For instance, using the workload generated by ./mlc --bandwidth_matrix -t15
(during a remote access phase), PCM displays the following with my 2-socket (Intel Cascade Lake) server node:
Intel(r) UPI data traffic estimation in bytes (data traffic coming to CPU/socket through UPI links):
UPI0 UPI1 UPI2 | UPI0 UPI1 UPI2
---------------------------------------------------------------------------------------------------------------
SKT 0 17 G 17 G 0 | 73% 73% 0%
SKT 1 6978 K 7184 K 0 | 0% 0% 0%
---------------------------------------------------------------------------------------------------------------
Total UPI incoming data traffic: 34 G UPI data traffic/Memory controller traffic: 0.96
Intel(r) UPI traffic estimation in bytes (data and non-data traffic outgoing from CPU/socket through UPI links):
UPI0 UPI1 UPI2 | UPI0 UPI1 UPI2
---------------------------------------------------------------------------------------------------------------
SKT 0 8475 M 8471 M 0 | 35% 35% 0%
SKT 1 21 G 21 G 0 | 91% 91% 0%
---------------------------------------------------------------------------------------------------------------
Total UPI outgoing data and non-data traffic: 59 G
MEM (GB)->| READ | WRITE | LOCAL | PMM RD | PMM WR | CPU energy | DIMM energy | LLCRDMISSLAT (ns) UncFREQ (Ghz)
---------------------------------------------------------------------------------------------------------------
SKT 0 0.19 0.05 92 % 0.00 0.00 87.58 13.28 582.98 2.38
SKT 1 36.16 0.01 0 % 0.00 0.00 66.82 21.86 9698.13 2.40
---------------------------------------------------------------------------------------------------------------
* 36.35 0.06 0 % 0.00 0.00 154.40 35.14 585.67 2.39
PCM also displays per core remote traffic in MB/s (i.e.

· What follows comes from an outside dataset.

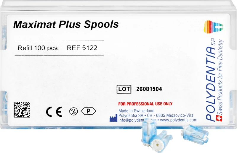 Maximat Plus er et matrisespennesystem for plast- eller stålmatriser i sidetannområdet. Den vanlige matriseholderen bortfaller. Bruken er rask og enkel: Etter at matrisen er justert mot tannen kan den spennes med bare én hånd. Deretter fjernes spenninstrumentet. Under behandlingen blir kun matrisespulen igjen i munnen, noe som gir bedre oversikt over arbeidsområdet. Maximat Plus unngår dreiemomentet fra tradisjonelle matriseholdere, slik at matrisen ikke lenger blir deformert approximalt, og det er dermed mulig å lage et perfekt kontaktpunkt. Flere fyllinger i samme kvadrant kan utføres samtidig.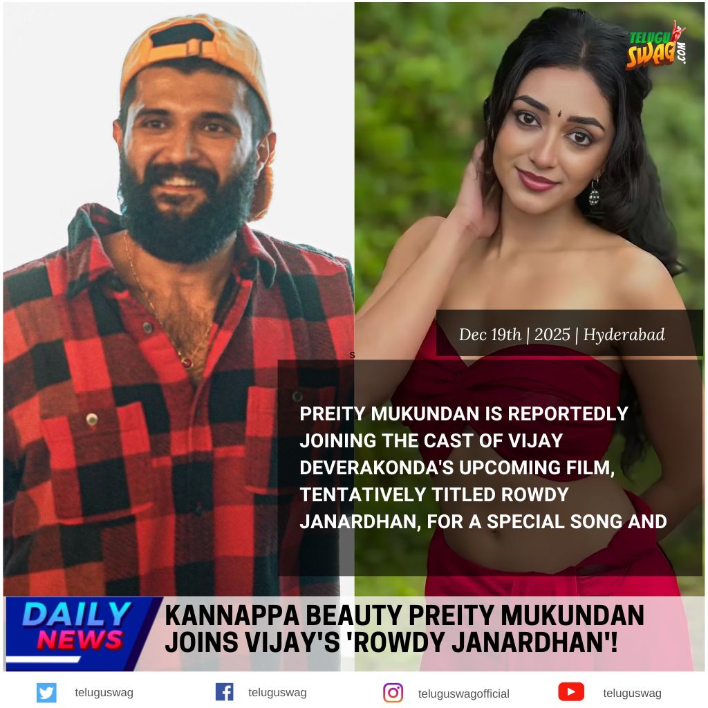 విజయ్ హీరోగా దర్శకుడు రవి కిరణ్ కోలా తెరకెక్కించనున్న సినిమా ‘రౌడీ జనార్దన’. ఐతే, తాజాగా ఈ సినిమా గురించి వినిపిస్తున్న అప్ డేట్ ప్రకారం ఈ సినిమాలో ఓ స్పెషల్ సాంగ్ ను డిజైన్ చేశారట. ఈ సాంగ్ కోసం కన్నప్ప ఫేమ్ ‘ప్రీతి ముకుందన్’ ని ఎంపిక చేసినట్లు తెలుస్తోంది. ఆమె ఈ సాంగ్ తో పాటు ఓ చిన్న పాత్రలో కూడా కనిపిస్తోందట. మంచు విష్ణు ‘కన్నప్ప’ చిత్రంతో తెలుగులోకి ఎంట్రీ ఇచ్చింది ప్రీతి ముకుందన్.

NUMA traffic). See RMB column:
RMB : L3 cache external bandwidth satisfied by remote memory (in MBytes)
Core (SKT) | EXEC | IPC | FREQ | AFREQ | L3MISS | L2MISS | L3HIT | L2HIT | L3MPI | L2MPI | L3OCC | LMB | RMB | TEMP
0 0 0.04 0.04 1.00 1.00 1720 K 1787 K 0.04 0.55 0.0167 0.0173 800 1 777 49
1 0 0.04 0.04 1.00 1.00 1750 K 1816 K 0.04 0.55 0.0171 0.0177 640 5 776 50
2 0 0.04 0.04 1.00 1.00 1739 K 1828 K 0.05 0.55 0.0169 0.0178 720 0 777 50
3 0 0.04 0.04 1.00 1.00 1721 K 1800 K 0.04 0.55 0.0168 0.0175 240 0 784 51
<snip>
---------------------------------------------------------------------------------------------------------------
SKT 0 0.04 0.04 1.00 1.00 68 M 71 M 0.04 0.55 0.0168 0.0175 26800 8 31632 48
SKT 1 0.02 0.88 0.03 1.00 66 K 1106 K 0.94 0.13 0.0000 0.0005 25920 4 15 52
---------------------------------------------------------------------------------------------------------------
TOTAL * 0.03 0.06 0.51 1.00 68 M 72 M 0.05 0.54 0.0107 0.0113 N/A N/A N/A N/A
The per core remote traffic can be used to gather thread level NUMA traffic.
You need to ensure that the threads generating the NUMA traffic are bound to dedicated cores. That can be done programmatically or you can rebind the threads by using tools like hwloc-bind.
Ensure other processes are bound to different cpu cores (scripts like cpusanitizer might be useful to periodically scan all processes and modify their CPU core affinity). Note: pay attention to the hyperthreads. You don't want that the threads you need to monitor share the same CPU cores with other processes.
Check the remote traffic (PCM RMB column) generated on the cores on which you attached the threads you want to monitor.